Nobody likes to be sick, and especially nobody likes children to be sick. But if you are a child, today is a much better time than 50 years ago to face a mild illness. I don’t mean because of all the new vaccines—I actually look back with some fondness on the days of chicken pox, measles, and German measles. (I missed out on that other great disease of early childhood, mumps, despite repeated visits to my friend when she was afflicted.) Nor do I mean the obvious improvements in the treatment of many diseases, and in emergency medicine, not that I’m not grateful for them.
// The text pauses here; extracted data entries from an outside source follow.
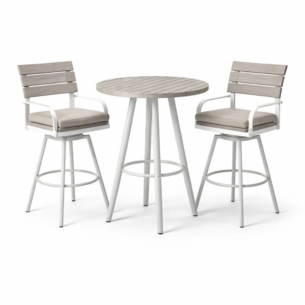 Set bar da esterno con tavolo rotondo in legno composito e sgabelli
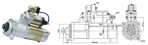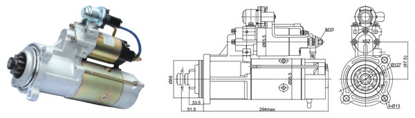 型號:SZQ21095018 規(guī)格:24V 7.5kW 特性:模數(shù):4 齒數(shù):11 配套機(jī)型:玉柴:6L、6M(50C端為兩針式插頭)
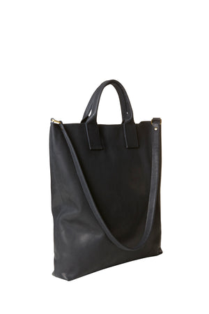Tragetasche, handgefertigt aus festem, genarbtem Öko-Leder, ungefüttert. Große Innentasche mit Reißverschluss und Handytasche aus Leder. Griffe und Schulterriemen. Oberer Verschluss: Magnetischer Schnappverschluss.
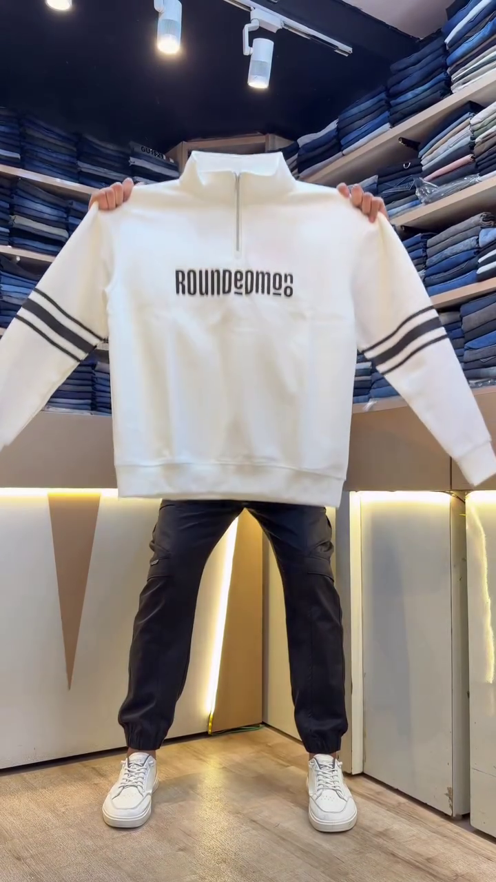 White printed sweatshirt has a hooded, na pockets, long sleeves, closure, straight hem
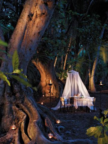 L’ambiance est certes plus Out of Africa qu’eau bleue et plage dorée, mais l’atmosphère inoubliable. Inévitablement plus succinct qu’en salles, le menu n’en reste pas moins délicieux, crustacés, poissons et viandes étant cuits sous nos yeux au feu de bois. Une infime réserve pour le service cependant, moins pointilleux que dans les restaurants : mieux vaut ne pas vouloir un condiment rare une fois installé… Un détail que l’on oublie d’autant plus facilement que l’authenticité du cadre incite à l’indulgence sur la question. Les amateurs de personnalisation ne voulant pas renoncer à un confort de palace ont toujours la possibilité de commander un dîner sur leur terrasse, sur la plage ou sur le voilier de l’hôtel.
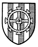 Palé d’argent et d’azur à la roue de moulin d’or brochante.
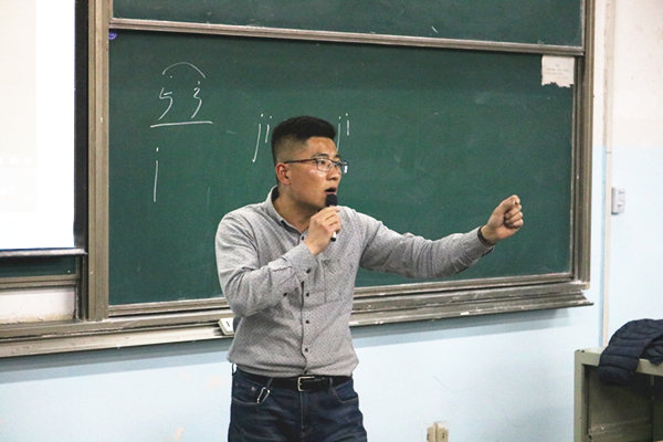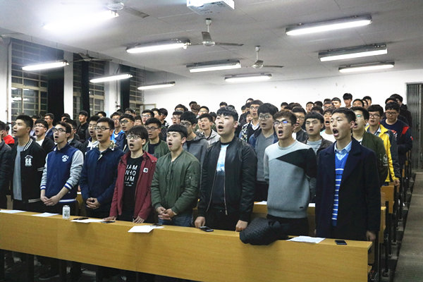 训练接近两个小时,周老师精心指导同学们唱歌时的呼吸技巧并带着同学们熟悉歌词。训练中周老师找出同学们配合尚不到位的关键部位并对之加以反复练习,同学们积极配合,不断体会,负责人适时加以鼓励,大家热情高涨,同时要求我们相互之间配合得更加默契,跟随着激昂的旋律,不断颂出愈发雄壮动听的歌声。

What I’m thankful for is that we have outgrown the sick-children-must-stay-in-bed philosophy. Bed is fine when you’re too miserable to do anything else, but in the 50’s and 60’s bed rest was still considered an important part of the cure, and often imposed long after the child would have been much better off up and about.
I don’t remember my own confinements lasting overly long, perhaps because I enjoyed the opportunity to be the center of attention, to be served meals in bed, to read as much as I wanted to, to have my parents sit with me and play games—I particularly remember a car/plane/boat race across the U.S. game on a tray that I never tired of—and to have my mother at my beck and call, at the sound of a bell, a buzzer, or a flashing light—whatever fun device my dad and I had concocted to get her attention.
But I’m not certain Porter’s relationship with his mother every completely recovered from the well-meant instructions from their doctor to keep him in bed for half his kindergarten year because he had been diagnosed with mononucleosis.
I am grateful that doctors today seem happy to assume that if a child feels like staying in bed, that’s probably what he needs, and if he feels like getting up, that’s a good sign he’s ready for more activity.
But I have very fond memories of that race game.